Однажды я напал на нечто, казалось мне, вполне отвечающее моей многотрудной задаче. На платформе нашей станции в лютый мороз, на железной, прокаленной холодом скамейке, заприметил я одного человека. Человечек этот, крестьянского звания, был весь какой-то воздушный: он был маленький и тощий до последней степени; худенькое лицо, маленькие бесцветные глаза, маленькая, едва приметная бородка, такая маленькая, что лютый мороз, при всех своих усилиях, мог прицепить к ней самую ничтожную сосульку; тощие, худые, обмотанные тряпками и веревками ноги, самые нищенские лапти и коротенький старый полушубок с огромным воротом (нехватило овчины), открывавшим всю голую шею и даже почти плечи, словом, почти декольте, и, наконец, картузишко – все это было так тоще, воздушно, тонко и притом во всех направлениях проникнуто холодом и лютым морозом.
Картузишко, приплюснутый на лбу, топорщился на затылке каким-то букетом рваного сукна, точно задорный петушиный гребень; очевидно, какой-нибудь добрый человек, желая попробовать новое ружье, сказал воздушному существу:
– Ну-ко, Микитка, швырни шапку! Дай я попробую… Дам папироску!
Микитка швырнул, весело засмеялся, весело надел разбитую шапку и, получив папироску, весело пошел мерзнуть на лютый мороз. Да, было в нем, в этом воздушном, тощем, маленьком, как воробей, существе, что-то воробьино-веселое…
Заприметил я его воробьиную веселость тогда, когда он хотел своими замерзлыми руками сделать себе цыгарку. Он достал газетную бумагу и, конусообразно свернув ее, держал в руке, приготовляясь наполнить табаком; но другая рука, которая искала в кармане табаку, находилась, должно быть, в таком комическом положении, что и воздушный человек не мог не улыбнуться. Он шумел замерзлой рукой в замерзлом кармане весьма энергично, выпихивал этот карман из-под полы наружу, хотел опрокинуть на руку все в нем содержимое, однако в конце концов ничего не добыл в этом кармане, но все-таки показал вид, что делает цыгарку, и потряс пустой горстью над пустой бумагой. Все это было так смешно, что и сам он не мог не улыбнуться.
– У тебя, – сказал я, – видно, табаку-то совсем нет?

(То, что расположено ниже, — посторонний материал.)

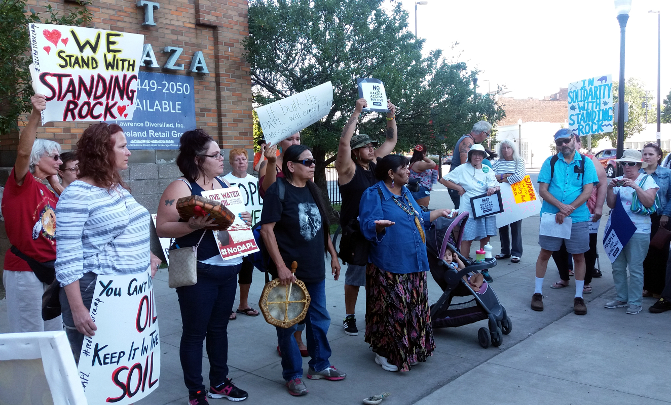 A crowd of about 50 people gathered in downtown Cleveland Tuesday, carrying signs saying We Stand With Standing Rock, “People Are Greater Than Pipelines, and the motto of the Standing Rock Sioux tribe — Water is Life. Their reasons for joining the action were varied.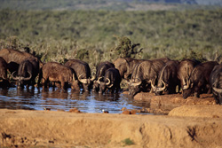 African Buffalo (Syncerus caffer) are impressive animals that live in stable herds and play a central role in Africa's ecosystem. These robust buffaloes are known for their strength and ability to adapt to various habitats, from dense forests to open savannas. The African Buffalo primarily feed on grass but are also attracted to leaves and herbs, making them versatile herbivores. Their complex social structures and long-lasting bonds within herds are fascinating and contribute to population stability. Natural predators of the African Buffalo include lions, while hyenas and crocodiles threaten them in vulnerable regions. Despite their generally peaceful nature, African Buffalo can become extremely dangerous when threatened or injured. Protecting these majestic animals is crucial for maintaining the balance of African wilderness. By preserving their habitats and combating poaching, we help ensure that future generations can appreciate the beauty and significance of the African Buffalo.
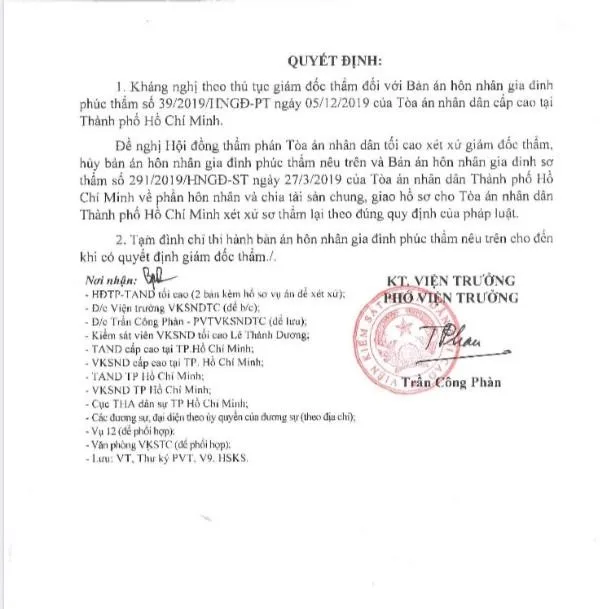 Ngày 3-4, tin từ VKSND Tối cao cho biết đã có quyết định kháng nghị giám đốc thẩm đối với bản án hôn nhân gia đình phúc thẩm số 39/2019 ngày 5-12-2019 của TAND Cấp cao tại TP.HCM.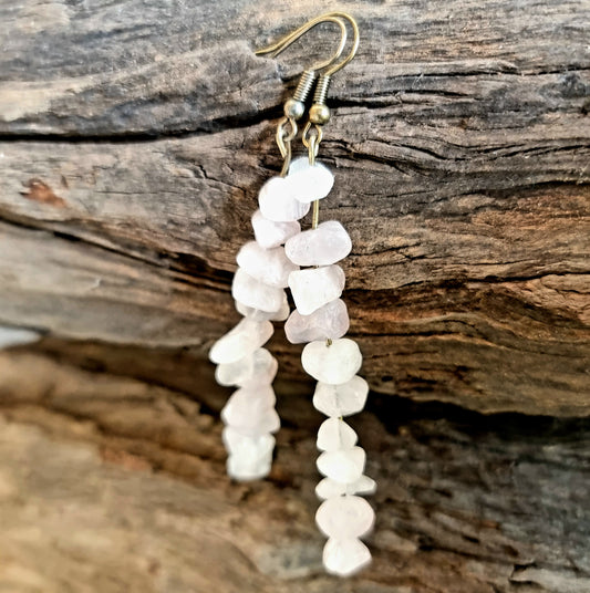 ROSE QUARTZ CHIPPED EARRINGS 7cm - UNIVERSAL LOVE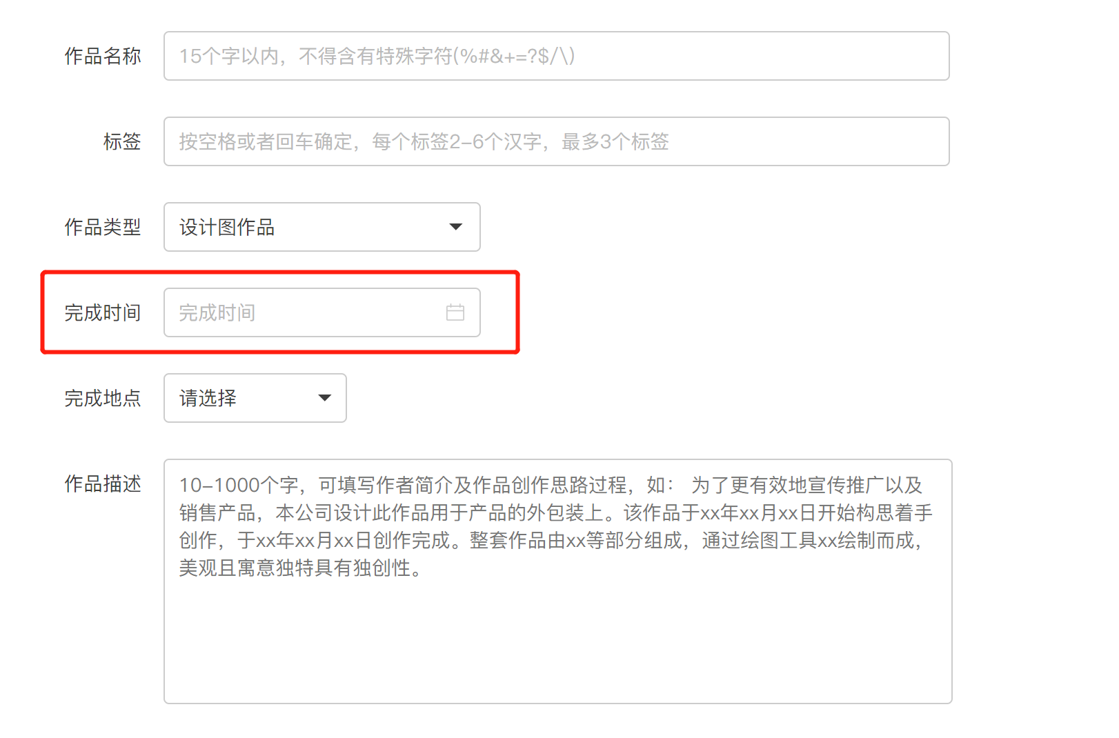 发布时间需要大于作品的完成时间。

Воздушный человечек поглядел на меня, весело улыбнулся и воробьиным голосом проговорил:
– И даже нисколько нету!..
Что-то беззаботно птичье, воробьиное, и эта худоба, и легкость всего тела, легкость взгляда, улыбка – все это заинтересовало меня с точки зрения поисков за мнимыми величинами.
«Совсем воздушный!..» – подумал я, и мне пришло в голову, что уж не это ли ноль-то целых? Человек живой, а производит впечатление чего-то почти неосязаемого. Необходимо было поближе подойти к нему, и я спросил: кто он? откуда?
Оказалось – идет из острога, куда попал «по ошибке». Служил он у купца при лавке, в чернорабочих мужиках; однажды сын купца послал его куда-то и во время его отсутствия сломал кассу и утащил деньги. Когда воздушный мужик воротился, то застал кассу разломанной и остолбенел от ужаса, а в это время вошел хозяин. Нетрудно было понять, в чем дело и кто вор; но отец, жалеючи сына, повел дело «для виду» против воздушного мужика, чтобы люди не болтали пустого про его родное детище (тоже ведь любишь!), и воздушный человек для «проформы» просидел в остроге три месяца.
– Он, купец-то, знает! – сказал весело воздушный человек. – Это он так! Какой я там вор!
Веселость, слышавшаяся в этих словах, напоминала действительно веселость птицы, находящей возможность чирикать и порхать по веткам обледенелого дерева, лишь бы играло на небе солнце. И чем дальше шел наш разговор, тем явственнее обнаруживалось птичье существование моего собеседника.
Когда я спросил его – куда он теперь идет и зачем? – то воздушное существо отвечало:
– А и сам не знаю!.. Главное – капиталу нет нисколько! да и паспорта нету, подати требуют.
Слова о податях являлись какою-то неожиданностью в общем впечатлении воздушного человека; капиталу у него нет, паспорта нет, куда идет – неизвестно, нет у него ни табаку, ни одёжи, ни шапки – и вдруг какие-то подати!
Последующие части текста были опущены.